Lei sospirò, appoggiando il mestolo sul tavolo. «Non abbiamo quei soldi, Giulia. Dovremo arrangiarci.»
La guardai, incredula. «Arrangiarci? E io come vado all’università? Come vado a lavorare?»
«Non sei l’unica con dei problemi, Giulia. Tuo fratello sta male per quello che è successo. E io… io sono stanca. Sempre a mediare tra voi due, sempre a cercare di tenere insieme questa famiglia.»
Mi sentii improvvisamente in colpa. Forse avevo esagerato, forse avevo pensato solo a me stessa. Ma era così sbagliato voler essere ascoltata, rispettata?
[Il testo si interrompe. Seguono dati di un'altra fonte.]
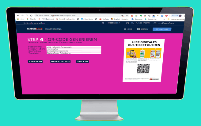 Es können beliebig viele QR-Codes generiert werden, die je nach Einsatzgebiet unterschiedliche Informationen beinhalten. Die QR-Codes können dann auf allen Print und Online-Medien zum Kauf von Tickets eingesetzt werden.

Passarono giorni di silenzi e tensioni. Matteo mi lasciava bigliettini con scritto “Scusa” o “Ti voglio bene” sulla scrivania, ma io non riuscivo a rispondergli. Mia madre cercava di comportarsi come se nulla fosse, ma bastava uno sguardo per capire che anche lei soffriva.
Una sera, mentre cenavamo in silenzio, Matteo si alzò di colpo. «Non ce la faccio più. Non voglio che questa cosa ci rovini. Giulia, ti prego, perdonami. Mamma, basta litigare. Siamo una famiglia, no?»
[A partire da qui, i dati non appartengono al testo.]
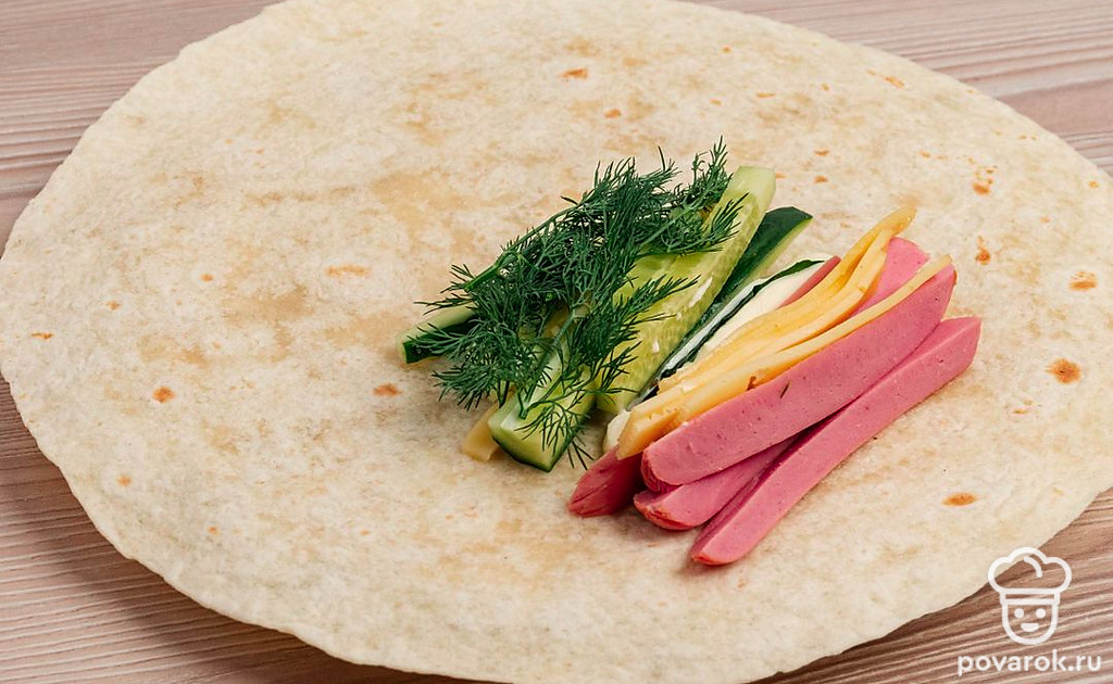 Ближе к середине (как показано на фото) смажьте лаваш майонезом. Сверху положите огурцы, сосиски, сыр и укроп.

Lo guardai, le lacrime che finalmente scendevano sulle mie guance. «Sì, siamo una famiglia. Ma a volte sembra che nessuno ascolti davvero l’altro. Io non voglio essere solo quella che risolve i problemi. Voglio essere capita.»
Mia madre si avvicinò e mi abbracciò forte. «Hai ragione, Giulia. Forse ho sbagliato. Ma ho paura di perdervi. E a volte, per paura, faccio scelte sbagliate.»
Restammo così, abbracciati, per lunghi minuti. Forse non avevamo risolto tutto, forse ci sarebbero volute settimane per ricostruire la fiducia. Ma almeno avevamo iniziato a parlarci davvero.
Ora, mentre guardo la mia macchina ancora dal meccanico, mi chiedo: quanto costa davvero la fiducia? Vale la pena sacrificare i propri sentimenti per tenere insieme una famiglia? O forse, a volte, bisogna imparare a dire di no, anche a chi si ama di più?